Beneath this instruction is a listing; print exactly the lines in it starting at the line that contains "王菲扎著馬尾,穿一件黑色T恤" and going through the line that contains "第一民族保留區樹立的牌子,上".

START DATA

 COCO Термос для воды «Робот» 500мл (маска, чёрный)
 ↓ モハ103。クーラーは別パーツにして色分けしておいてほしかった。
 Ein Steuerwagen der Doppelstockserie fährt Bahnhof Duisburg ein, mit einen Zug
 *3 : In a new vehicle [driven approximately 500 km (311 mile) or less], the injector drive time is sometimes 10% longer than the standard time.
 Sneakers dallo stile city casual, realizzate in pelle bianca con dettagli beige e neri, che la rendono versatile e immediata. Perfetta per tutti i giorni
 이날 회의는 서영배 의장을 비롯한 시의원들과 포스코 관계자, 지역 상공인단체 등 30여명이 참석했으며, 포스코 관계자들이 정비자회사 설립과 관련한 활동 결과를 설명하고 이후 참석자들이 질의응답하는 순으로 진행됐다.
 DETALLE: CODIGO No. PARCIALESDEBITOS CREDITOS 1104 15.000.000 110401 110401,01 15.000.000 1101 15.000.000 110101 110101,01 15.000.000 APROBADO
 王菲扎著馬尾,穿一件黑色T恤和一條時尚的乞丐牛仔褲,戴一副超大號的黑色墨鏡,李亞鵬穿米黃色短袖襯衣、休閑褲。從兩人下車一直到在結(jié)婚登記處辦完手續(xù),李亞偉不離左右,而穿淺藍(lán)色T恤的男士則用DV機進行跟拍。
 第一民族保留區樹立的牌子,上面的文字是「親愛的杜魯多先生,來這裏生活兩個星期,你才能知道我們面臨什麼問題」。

END DATA
START DATA

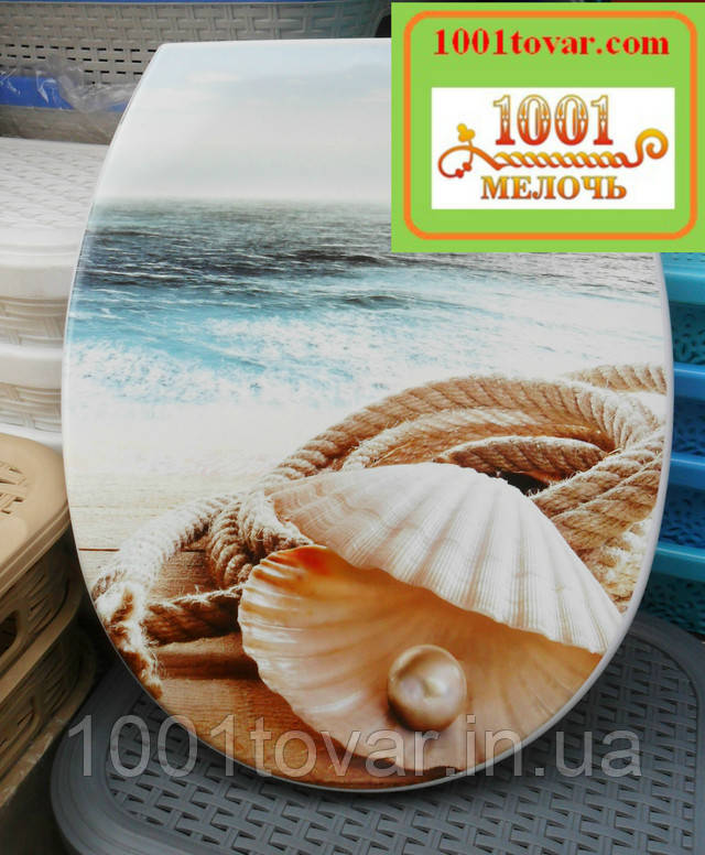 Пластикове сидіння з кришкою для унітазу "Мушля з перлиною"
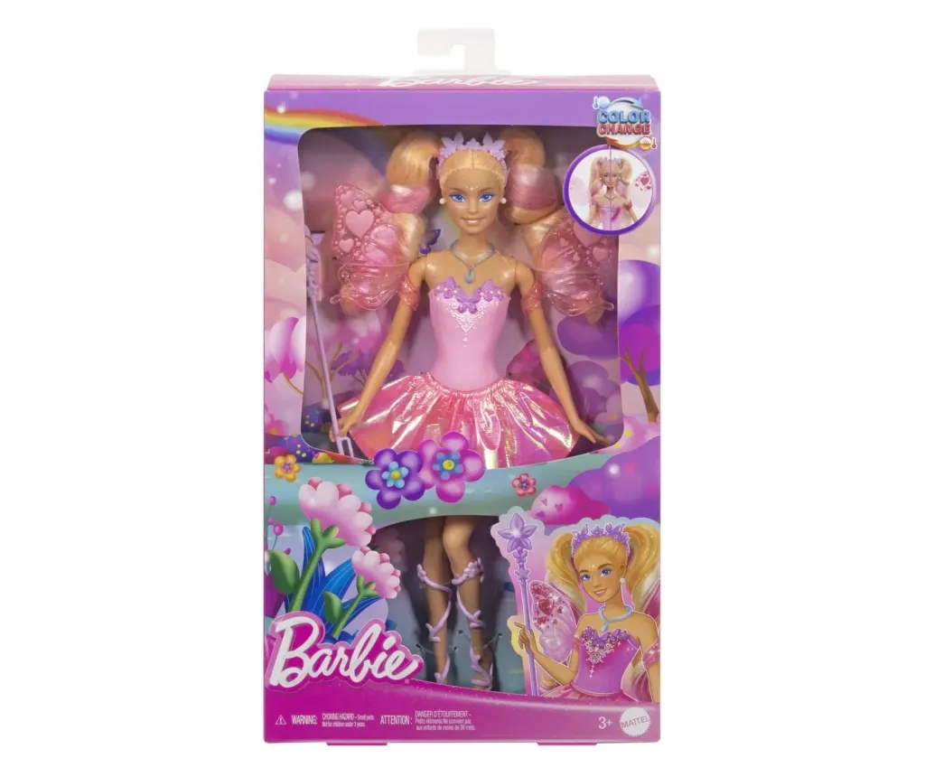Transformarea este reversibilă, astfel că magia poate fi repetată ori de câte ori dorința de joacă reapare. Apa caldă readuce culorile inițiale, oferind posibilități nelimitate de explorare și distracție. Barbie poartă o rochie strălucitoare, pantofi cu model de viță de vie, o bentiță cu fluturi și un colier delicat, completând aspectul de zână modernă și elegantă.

END DATA

• _TASK SOLUTION_:
 王菲扎著馬尾,穿一件黑色T恤和一條時尚的乞丐牛仔褲,戴一副超大號的黑色墨鏡,李亞鵬穿米黃色短袖襯衣、休閑褲。從兩人下車一直到在結(jié)婚登記處辦完手續(xù),李亞偉不離左右,而穿淺藍(lán)色T恤的男士則用DV機進行跟拍。
 第一民族保留區樹立的牌子,上面的文字是「親愛的杜魯多先生,來這裏生活兩個星期,你才能知道我們面臨什麼問題」。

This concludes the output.